By: Christina Colegrove, RN,BSN – Clinical Consultant
Here are some things to remember when completing a refill request to avoid denials. Documentation of a refill request must be either a written document received from the beneficiary or a written record of a phone conversation between the supplier and beneficiary. The request must include the beneficiary’s name/authorized representative, description of each item being requested and date of refill request. If consumable supplies are being requested, then the supplier should assess the quantity of each item that the beneficiary has remaining. The supplier manual mentions, “Vague or nonspecific references to the quantity remaining are not sufficient to demonstrate compliance with the requirement that refills be provided when the current supply on hand is ‘approaching exhaustion’.” Although an actual count is not necessary, it is recommended. The record should demonstrate that individual assessment was performed. Examples of consumable supplies includes surgical dressings or urological supplies. If non-consumable supplies (items that are not used up but may need periodic replacement) are being requested, then the supplier should assess if the supplies remain functional and provide replacement/refill only when the item(s) are no longer functioning. The documentation should support the functional condition of the item(s) being refilled and demonstrate the cause of dysfunction which necessitates replacement. Examples of non-consumable supplies includes PAP or RAD supplies.
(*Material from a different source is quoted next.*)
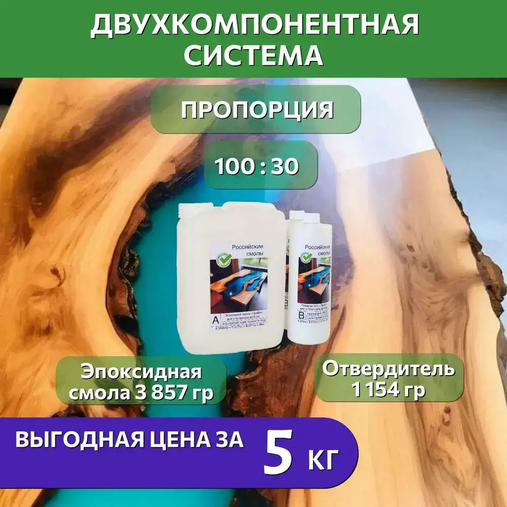 Эпоксидная смола для столешниц 5 кг (стол-река, для дерева, до 5 см)

Per the Medicare Program Integrity Manual, “Suppliers must contact the beneficiary prior to dispensing the refill and not automatically ship on a pre-determined basis, even if authorized by the beneficiary.” The beneficiary/designee should be contacted no sooner than 14 calendar days prior to the delivery/shipping date. The supplier must deliver the product no sooner than 10 calendar days prior to the end of usage for the current product.